Я шел сквозь деревню, как зачумленный. Люди шарахались от меня. Не погладят их по головке Новые Боги за разговоры с наемником Прежних. Я все еще оставался наемником. Мертвый воинский знак по-прежнему висел на кожаном шнурке, но сегодня одежда не скрывала его. Ветер слизывал пот с моей обнаженной груди, отбрасывал со лба ничем не закрепленные волосы. Ни щита, ни шлема, ни кольчуги, ни даже рубашки.
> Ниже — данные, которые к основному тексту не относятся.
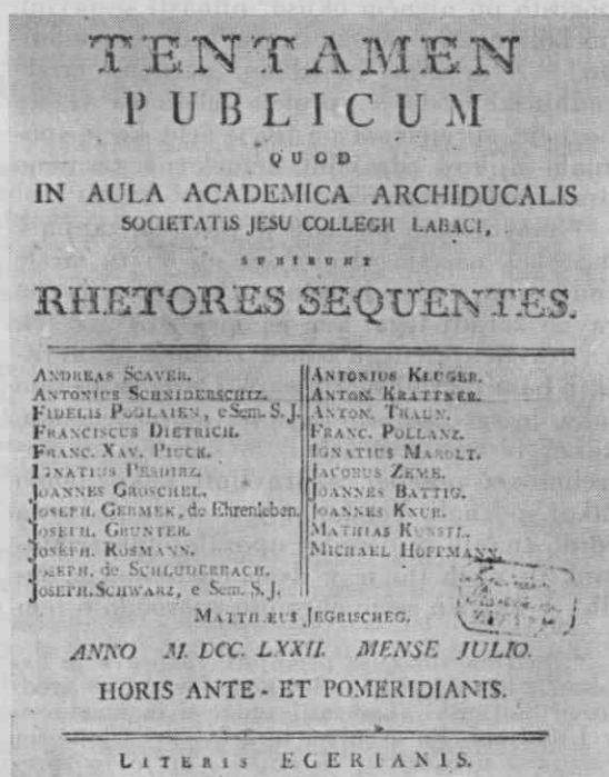
Naslovna stran tiskane teze za disputacijo z navedbo govornikov (Ljubljanski tisk, 1772)

Когда воин-маг должен принимать бой с теми, кто слабее его, он не имеет права прикрывать грудь и голову чем-бы то ни было. Это закон. Иначе твое преимущество слишком велико, и победа твоя становится бесчестьем, и любой воин-маг, и вообще любой плюнет в твою сторону. Когда мы с Наставником улаживали деревенские разборки, он неизменно был одет именно так, мне же приказывал надевать кожаную куртку с нашитыми на нее кольцами. Послабление мне было дано, как он выразился, "по малоумию и скудости мастерства; а также оттого, что годами еще не вышел." Ученикам иногда разрешались подобные поблажки. Но Учителя больше нет среди живых. Я больше не ученик. И я не мог заставить себя одеть свою ученическую куртку. Мне было противно защищаться от них. Их много, и они мерзавцы, но они не воины. Слава Богам, мертвым и живым, они хотя бы вооружены. Не то пришлось бы мне переть на толпу жрецов с голыми руками. В подобной схватке, как гласит кодекс, "да прикроет воина его мастерство, и да не будет ему иного щита." Штаны, сапоги, пояс, оружие, за плечами – сумки со всем, что может понадобиться, у пояса фляга с водой. Больше ничего.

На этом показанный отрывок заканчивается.